So many other women want Agnes to bring her work to their districts and want to end the practice, that we are now entering the next stage where the work spreads and multiplies. We witnessed classes at the Safe House school, a reconciliation ritual where a girl who ran away to the safe house for over a year to prevent FGM and being sold into early marriage was successfully reunited with her once very angry father and was accepted back into the family without the cut or marriage. We were all present when she came back into her house and it was so emotional. She will now go to school along with her younger sisters who will also be spared FGM. We witnessed the alternative rite of passage ceremony where so many girls graduated, came of age without the cut with their parents present and many male officials in the community who now support Agnes’ work and consider themselves V-Men. We watched girls sing, recite poetry, perform theater – all about their rights, all demanding respect, all refusing FGM. We were welcomed and fed and dressed in Masai jewelry and clothes.

In Nairobi, we watched Winnie Anyango and Duncan Bomba Omwani Papa Omundu Umundu train hundreds of school girls in self-defense at Dolphin Anti-Rape and listened to 15 year old Dorkas tell the tale of fighting off two of her potential rapists, both huge, grown men. They kidnapped her in a car and with the skills she was taught she escaped. We saw how many thousands Winnie and Duncan have trained and we saw the impact it has had and is having on girls’ self esteem and power.

We visited Kibera and Eastland and met new activists who suffered so terribly during the Kenyan post election violence. We had a meeting in Nairobi where many grassroots women came to talk about the terrible rapes, the poverty, the HIV and the lack of prosecutions and justice. We are envisioning a huge V-Day event in Nairobi – a march, rally, Breaking The Silence, in a stadium, a performance of The Vagina Monologues, produced by long time V-Day activist Mumbi Kaigwa to call for justice and rally the women of Kenya. Date soon to be announced.

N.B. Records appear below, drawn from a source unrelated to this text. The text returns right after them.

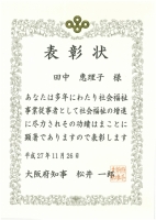 主任保育士の田中恵理子が平成27年度 大阪府社会福祉大会にて大阪府知事より、大阪府社会福祉事業従事者知事表彰を受賞しました。
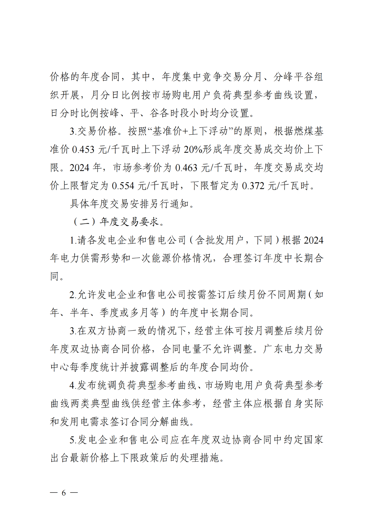 11月21日,《廣東省能源局 國家能源局南方監管局關于2024 年電力市場交易有關事項的通知》(粵能電力函〔2023〕704號)文件發布,對廣東省2024年電力市場交易有關事項作出如下安排:
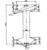 Площадь наиболее сжатого свеса полки и статические моменты этой площади относительно х и у соответственно равны: Aov= b'ov h'f = 75·90 = 6750 мм2; Sov,y = Aov (b0 + b'ov /2)=6750(90 + 75/2) = 86,06·104 мм3; Sov,x = Aov(h0 - h'f /2) = 6750(360 - 90/2) = 212,6·104 мм3. Так как Аb > Aov, расчет продолжаем как для таврового сечения. Aweb = 18680 - 6750 = 11930 мм2. Определим по формуле (3.38) размер сжатой зоны х1. Для этого вычисляем
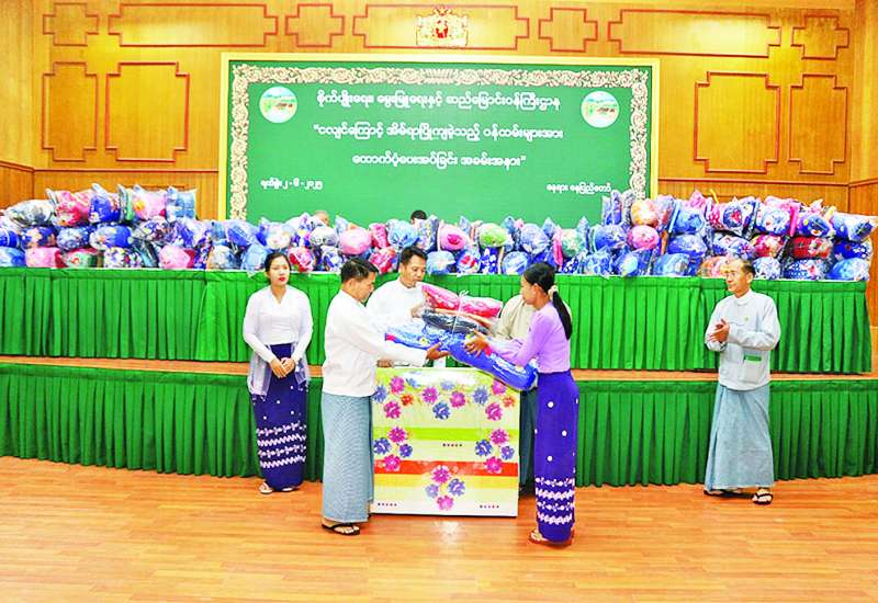 ငလျင်ကြောင့် အိမ်ရာပြိုကျခဲ့သည့် ဝန်ကြီးဌာနအောက်ရှိ ဝန်ထမ်းများအတွက် အဝတ်အထည်နှင့် အသုံးအဆောင်များ ထောက်ပံ့ပေးအပ်ခြင်းအခမ်းအနားကို ယနေ့မွန်းလွဲပိုင်းတွင် စိုက်ပျိုးရေး၊ မွေးမြူရေးနှင့် ဆည်မြောင်းဝန်ကြီးဌာန ပြည်ထောင်စုဝန်ကြီးရုံး စုဝေးဆောင်ခန်းမ၌ ကျင်းပသည်။
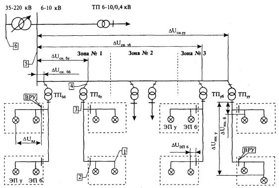 электрической энергии по установившемуся отклонению напряжения в режимах
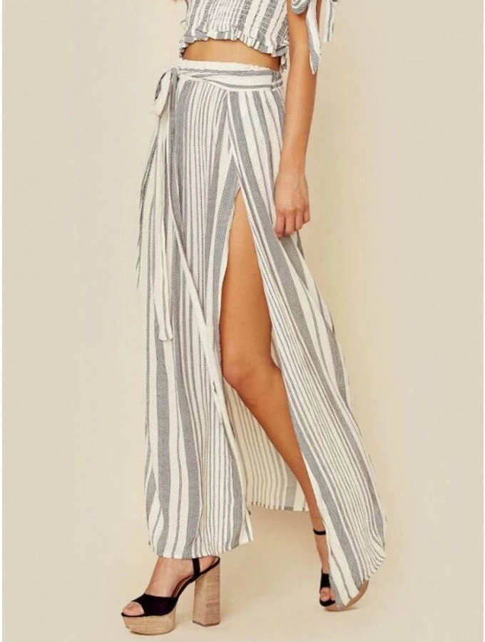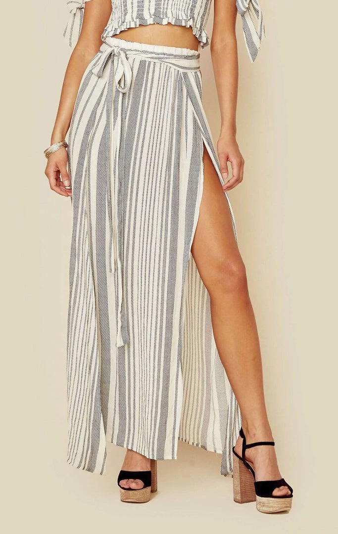 Blue Life Grace Skirt features a new boho stripe print throughout, high cut slits, and wrap style waist with self tie detailing.

We witnessed Agnes who is now a great leader, Winnie and Duncan deeply empowered and strong and Mumbi, fierce and kind and inspirational. (Editor’s note: A full photo gallery from the trip will be posted later this month).

Congo
While all this was happening Secretary of State Hillary Clinton went to Eastern Congo, propelled there by our campaign and the many groups and individuals joined in this effort. She met with our activists: Christine Schuler-Deschryver, Director of V-Day Congo, Esther Noto, V-Day Activist from Goma, Dr. Mukwege, Founder of Panzi Hospital and Godfather of the V-Men’s movement and Chou Chou Namegabe Nabintu, President of the South Kivu’s Association of Women Journalists (AFEM), her radio media group that V-Day is funding, who brilliantly and passionately put forward strategies and plans of actions that we have worked on for years. For maybe the first time in history a U.S. Secretary of State made the systematic raping of women the reason to visit a country. Clinton’s trip to Goma, Democratic Republic of Congo (DRC) signaled to the world that what happens to women actually matters. She listened to rape survivors, on the ground activists, and will hopefully be moved to action.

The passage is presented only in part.